The invention relates to a method for identifying spatially extensive image features that are not pixelwise contiguous in digital images according to the claim 1.
Background of the invention is the process of inspecting a printed image in which process there is typically created a reference image in advance and this is compared with a digital image of a printed matter. By a comparison of these two images there is produced a deviation image whose pixels have assigned thereto as brightness values the difference between the respective brightness values of the respectively corresponding pixels of the reference image and of the image of the printed matter. In known methods according to the prior art the respective deviation image is a grayscale image whose pixels indicate the respective color or brightness difference between the digital image of the printed matter to be checked and the reference image. Pixels of the deviation image which have no deviations hereinafter are referred to as background pixels.
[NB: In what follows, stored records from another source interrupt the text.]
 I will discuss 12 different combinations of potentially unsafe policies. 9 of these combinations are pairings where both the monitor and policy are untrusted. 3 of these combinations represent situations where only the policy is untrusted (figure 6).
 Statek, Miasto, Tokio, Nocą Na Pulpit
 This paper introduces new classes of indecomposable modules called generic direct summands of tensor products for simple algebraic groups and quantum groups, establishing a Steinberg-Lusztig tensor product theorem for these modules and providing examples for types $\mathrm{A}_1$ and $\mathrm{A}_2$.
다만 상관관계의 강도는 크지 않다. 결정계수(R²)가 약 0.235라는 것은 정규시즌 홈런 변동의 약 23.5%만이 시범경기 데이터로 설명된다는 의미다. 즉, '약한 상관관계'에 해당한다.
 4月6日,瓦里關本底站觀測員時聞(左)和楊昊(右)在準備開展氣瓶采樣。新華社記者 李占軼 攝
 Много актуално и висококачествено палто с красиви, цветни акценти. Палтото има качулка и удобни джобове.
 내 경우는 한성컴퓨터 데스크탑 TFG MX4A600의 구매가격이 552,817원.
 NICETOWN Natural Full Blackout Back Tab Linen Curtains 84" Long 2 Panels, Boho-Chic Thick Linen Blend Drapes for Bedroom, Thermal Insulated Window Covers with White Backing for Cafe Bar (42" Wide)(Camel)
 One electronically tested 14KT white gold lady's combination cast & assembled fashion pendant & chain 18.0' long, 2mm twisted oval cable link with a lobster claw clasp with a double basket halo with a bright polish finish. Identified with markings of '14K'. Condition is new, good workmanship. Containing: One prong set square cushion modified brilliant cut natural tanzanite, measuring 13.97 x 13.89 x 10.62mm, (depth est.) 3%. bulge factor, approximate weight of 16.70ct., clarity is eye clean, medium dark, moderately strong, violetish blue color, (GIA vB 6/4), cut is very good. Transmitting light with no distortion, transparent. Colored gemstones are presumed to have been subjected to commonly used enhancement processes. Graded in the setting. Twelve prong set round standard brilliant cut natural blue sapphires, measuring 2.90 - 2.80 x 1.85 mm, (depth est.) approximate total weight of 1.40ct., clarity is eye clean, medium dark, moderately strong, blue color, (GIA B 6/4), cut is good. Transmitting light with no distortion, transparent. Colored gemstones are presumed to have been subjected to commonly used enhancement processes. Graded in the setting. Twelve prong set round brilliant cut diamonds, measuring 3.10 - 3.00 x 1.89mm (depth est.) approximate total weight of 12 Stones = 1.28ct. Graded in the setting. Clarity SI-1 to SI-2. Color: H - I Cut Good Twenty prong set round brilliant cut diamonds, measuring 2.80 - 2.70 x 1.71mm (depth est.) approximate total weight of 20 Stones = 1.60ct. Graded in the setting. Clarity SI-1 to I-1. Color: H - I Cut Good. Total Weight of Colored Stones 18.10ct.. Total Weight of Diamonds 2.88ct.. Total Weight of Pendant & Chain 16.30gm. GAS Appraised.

Pixels whose respectively assigned deviation values exceed a specified threshold value hereinafter are referred to as foreground pixels. In the prior art the groups of contiguous foreground pixels are called features, blobs or connected components. These are spatially extensive and contiguous image features.
From the prior art there is known a plurality of algorithms for finding blobs, also called blob encoding algorithms, which ascertain information items about the relation of directly neighboring foreground pixels from specified images, in particular from the above-mentioned deviation images. In the prior art these algorithms are also referred to as blob or connected-components analysis, blob or connected-components labelling or coloring. Typical methods of this kind are described for example in Rosenfeld A. and Pfaltz J. L., “Sequential Operations in Digital Picture Processing”, Journal of the ACM.—1966.—p. 471-494, Di Stefano L. and Bulgarelli A., “A simple and efficient connected components labelling algorithm”, 10th International Conference on Image Analysis and Processing.—1999, He Lifeng [et al.], “Fast connected-component labelling”, Pattern Recognition.—2009.—p. 1977-1987, Chang Fu and Chen Chun-Jen, “A Component-Labeling Algorithm Using Contour Tracing Technique”, Proceedings of the Seventh International Conference on Document Analysis and Recognition (ICDAR'03).—[see I.]: IEEE, 2003).
From the prior art it is known to detect blobs as groups of contiguous foreground pixels. Within this meaning, two pixels are considered to be contiguous, when there is a path between them which exclusively consists of foreground pixels. As possible paths there come into consideration merely paths which extend between a pixel and its neighboring foreground pixels within four-neighborhoods or eight-neighborhoods, typically the eight-neighborhood being employed.
A four-neighborhood designates the environment of a pixel, which comprises the upper, lower, right-side and left-side neighboring pixel of the respective pixel. An eight-neighborhood designates an environment around the pixel, which comprises the upper, lower, right-side, left-side as well as all the pixels which meet with the respective pixel at a corner, i.e. the eight-neighborhood further comprises also those pixels which lie above and below the right-side as well as above and below the left-side neighboring pixel.
Any occurring collections of contiguous foreground pixels can be detected as a common, contiguous image feature with means of the prior art. Then, on the basis of the location of the individual image features in the deviation image there can be determined, whether and at most which concrete error value has occurred in the print. The reason or origin of the error cannot be automatically ascertained, which is due to the form and manifestation of the detected feature or blob, and usually requires the visual follow-up check by an expert.
It turns out, however, that accumulations of small, but mutually non-contiguous blobs that are separated by background pixels are caused by similar effects, for example by a large, smudge-like print effect, which is pronounced to different extents over its area and leads to foreground pixels only in partial regions in the deviation image, i.e. that there exist pixels which show no deviation from the reference image. Therefore, the smudge-like print effect appears as a group of a plurality of small smudges separated from each other, which are not detectable as a unit with conventional blob encoding methods. There is thus merely the possibility of detecting these individual partial smudges as such, because the conventional blob detection methods employ only direct neighborhood-relations within the meaning of a four- or eight-neighborhood. It can thus occur that each of these occurring small smudges of foreground pixels alone is not large enough so as to ultimately effect a classification as a printing error, the printing error cannot be recognized as such.